SPI and PSNO Take on Sloss Furnaces
Author Doyle Goss
Friday - June 5, 2015 8:19 pm
SPI and PSNO Take on Sloss Furnaces
Southern Paranormal is proud to announce that our good friends in Paranormal Research will be joining us on our upcoming Sloss Furnace investigation! Southern Paranormal and Paranormal Society of New Orleans will be teaming up in this major investigation! Welcome Aboard!

Sloss has been investigated by the best of the best including Ghost Adventures, Ghost Hunters and the Tennessee Wraith Chasers of Ghost Asylum, just to name a few! Now We get our chance with the entire location to ourselves!
A little background on Sloss:
On the outskirts of Birmingham, AL sits Sloss Furnaces. James Withers Sloss started construction on the Sloss Furnaces in 1881, just 10 years after the city's founding. This entrepreneur quickly capitalized on Birmingham's fortunate location and the enormous amount of cheap labor available in the form of freed slaves. To cement Sloss' place in this financial bonanza, he used his wealth and political influence to become the first president of the newly merged Nashville and Decatur Railway Company. His first priority was to expand their railway lines down to Birmingham, thereby securing the exportation of steel made at Sloss Furnaces.

Daily Dangers and Deaths
Sloss opened the gates of his eponymous furnace company on April 18, 1882, employing hundreds of men from the surrounding area. The positions at Sloss were highly dangerous, but also highly sought-after as working with the blast furnaces was fairly advanced at that time. No government agency protected the rights of workers; 12-hour days were the norm and pay often came in the form of scripts only good at the company store.

While pay was low and hours ran high, industrial accidents were what workers feared most. Some men fell into the molten steel and incinerated, while others fell victim to the silent poisoning of carbon monoxide or the volatile bursts from steam pipes. Every inch of Sloss Furnaces held danger for the workers who toiled there -- from the catwalk to the tunnel, the furnaces to the wheel -- every precarious step could have been, and often was, their last.

Perhaps the most ghastly death is one that befell a worker on his lunch break. Sitting near one of the large flywheels used to power the huge scalding boilers, he leaned a little too close and the wheel caught his clothing, slowly dragging him into the gears. Witnesses at the time shuttered; each time the wheel went around, there was a little less of their friend.

Paranormal Activity Reported
On September 9, 1887, Richard Jowers was working at Furnace Number One. Standing near the top of the furnace, he slipped, and he and the heavy bell he had been preparing to melt tumbled into the molten steel below. There was nothing anyone could do to help, and they stood helplessly by as Jowers was incinerated. It is rumored they were able to remove his head and several bones before his remains were lost completely.

At night, this old building, now a national landmark, still echoes with noises from its perilous past. Screams are heard, apparitions are seen, and on the second floor of the Blower Building, there's the sinister presence known as "Slag," an overly cruel foreman who can still be heard belittling his crew.

The Magic City was built on the backs of ordinary men and a great many of them toiled and died at Sloss Furnaces. Perhaps they haunt the grounds so the city does not forget their gruesome sacrifice.

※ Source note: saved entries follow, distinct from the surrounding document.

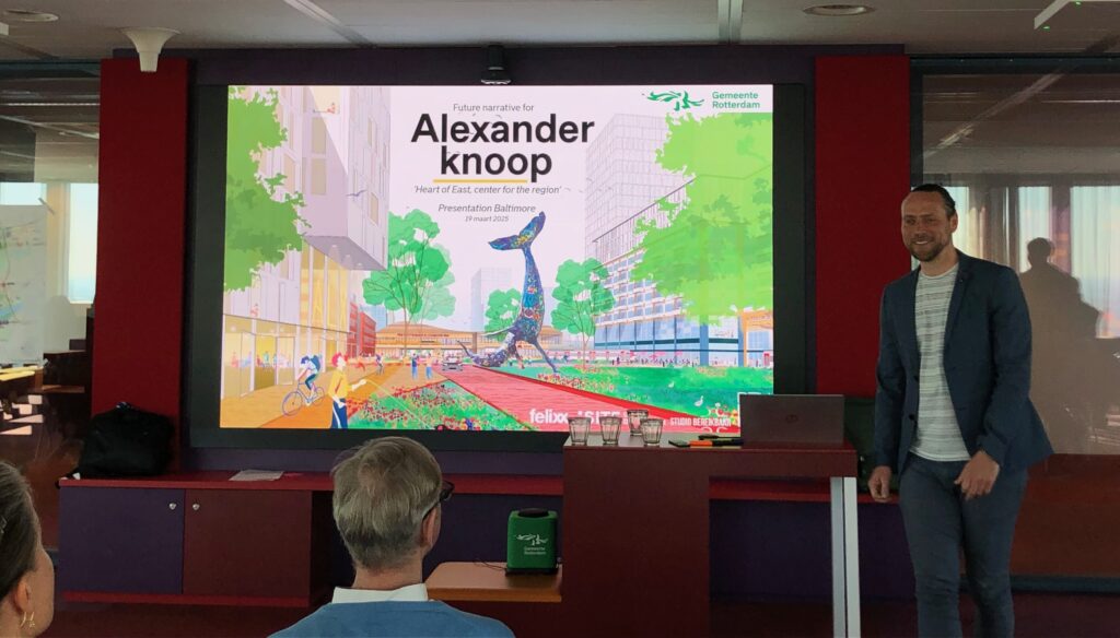 Before the presentations, Hermen Borst, Director of Urban Development at the Municipality of Rotterdam, provided an introduction and talked about the need in Rotterdam for more engagement with the community in city planning, and more focus on placemaking. Then, Baltimore Department of Planning presented to Baltimore students and faculty, Rotterdam city planners, the leader of Architecture Institute Rotterdam (AIR), Baltimore-Rotterdam Sister Cities Committee members and other design professionals. After the Baltimore session, Rotterdam city planners provided presentations.
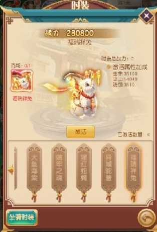 点击主角按钮进入角色界面,选中坐骑按钮,即可打开坐骑界面。
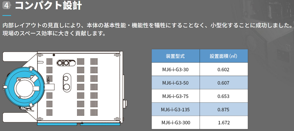 | 装置型式 | MJ6-i-G3-30 | MJ6-i-G3-50 | MJ6-i-G3-75 | MJ6-i-G3-135 | MJ6-i-G3-300 | |

There have been more than 100 reports of suspected paranormal activity at Sloss Furnaces recorded in Birmingham Police records. From minor incidents such as steam whistles apparently blowing by themselves, to major sightings and the rare physical assault.

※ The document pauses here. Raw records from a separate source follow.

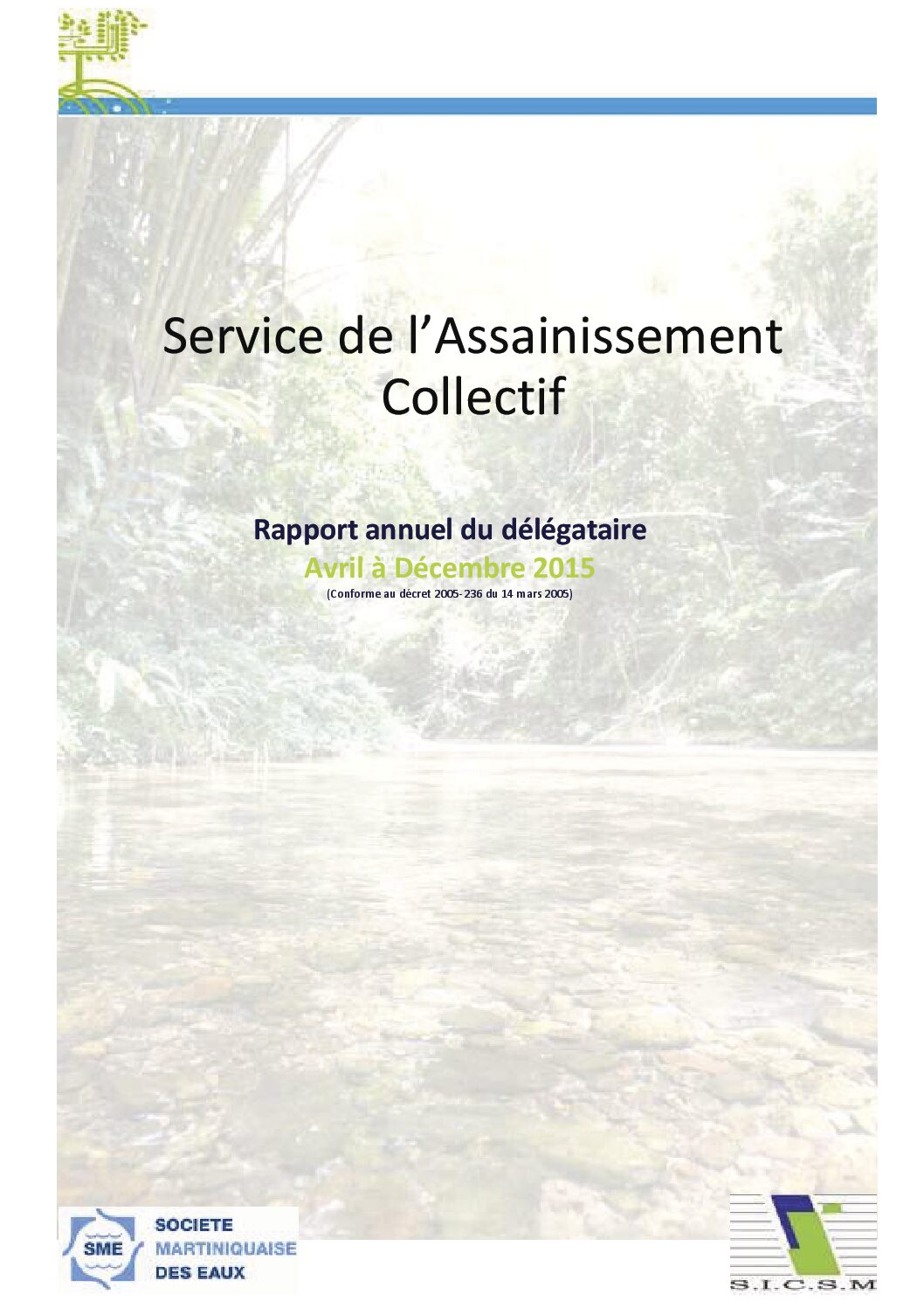 Le Rapport Annuel du Délégataire du service public d’assainissement du SICSM (Syndicat intercommunal du Centre et du Sud de la Martinique) – Exercice 2015.
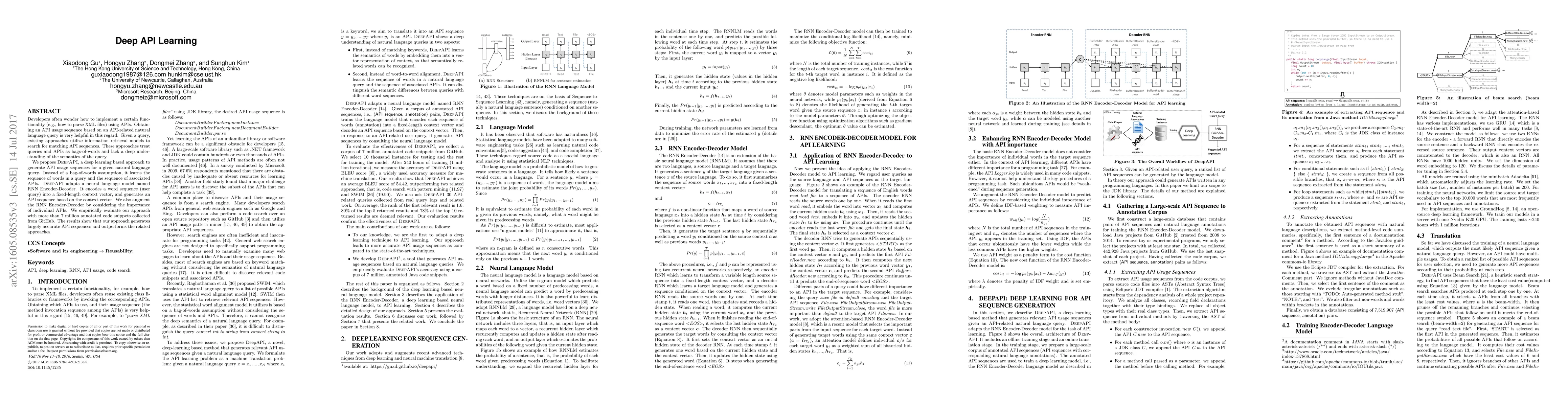 Developers often wonder how to implement a certain functionality (e.g., how to parse XML files) using APIs. Obtaining an API usage sequence based on an API-related natural language query is very helpful in this regard. Given a query, existing approaches utilize information retrieval models to search for matching API sequences. These approaches treat queries and APIs as bag-of-words (i.e., keyword matching or word-to-word alignment) and lack a deep understanding of the semantics of the query. We propose DeepAPI, a deep learning based approach to generate API usage sequences for a given natural language query. Instead of a bags-of-words assumption, it learns the sequence of words in a query and the sequence of associated APIs. DeepAPI adapts a neural language model named RNN Encoder-Decoder. It encodes a word sequence (user query) into a fixed-length context vector, and generates an API sequence based on the context vector. We also augment the RNN Encoder-Decoder by considering the importance of individual APIs. We empirically evaluate our approach with more than 7 million annotated code snippets collected from GitHub. The results show that our approach generates largely accurate API sequences and outperforms the related approaches.
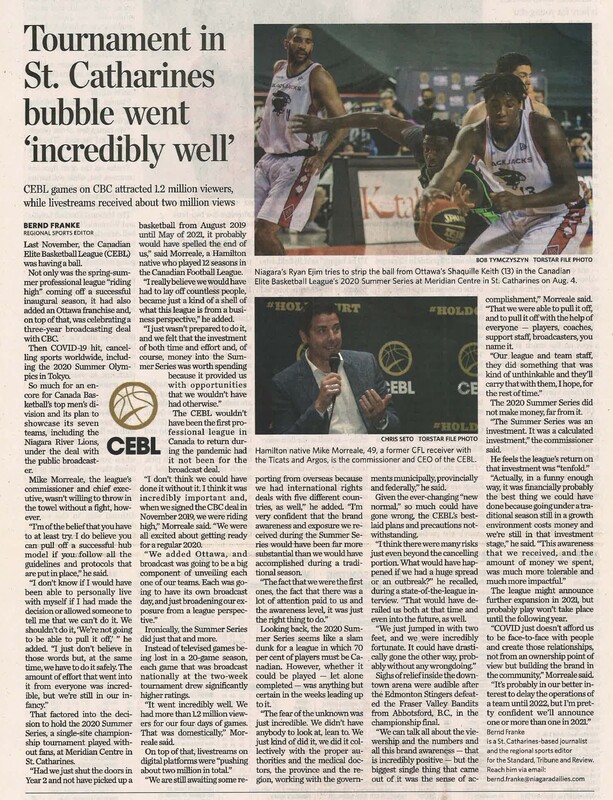 Tournament in St. Catharines bubble went incredibly well : CEBL games on CBC attracted 1.2 million viewers, while livestreams received about two million views

In the year 2000, Sloss was studied once again by the Paranormal Team of Fox's Scariest Places who concluded that it was one of the highest ratets of unnatural energy they had encountered.

In early 2002, a skeptical investigative team from CBS Affiliate WJTV investigated the site--they left frazzled and convinced that Sloss was haunted capturing amazing footage that can been seen on their site.

In addition, another investigation was held in 2003 by the Alabama Foundation for Paranormal Research who quoted that "There is no doubt Sloss is a hotspot for paranormal activity. During our investigations we pulled data that confirms through our scientific methods and approach that energys are present that cannot be explained. Sloss is one of the most paranormaly active places our team has investigated."

On October 4 of 2003, another assualt happened to one of our crew members. Josh Thomas, who had worked at Sloss for many years, suddenly caught fire after seeing a "strange shape." He suffered burns up and down his body and was taken to the hospital--he still can not recall what happened.

Strangely enough, this was almost on the exact 32nd anniversary of the Samuel Blumenthal burn attack (night watchman from 1971).

In 2005, two psychic investigators from the TV show AIRLINE! investigated Sloss Furnaces, in the middle of the taping, one of them began to spontaneously bleed from a cut that appeared in his right hand, halting the investigation. But not before the camera crew caught images of spirits on their cameras.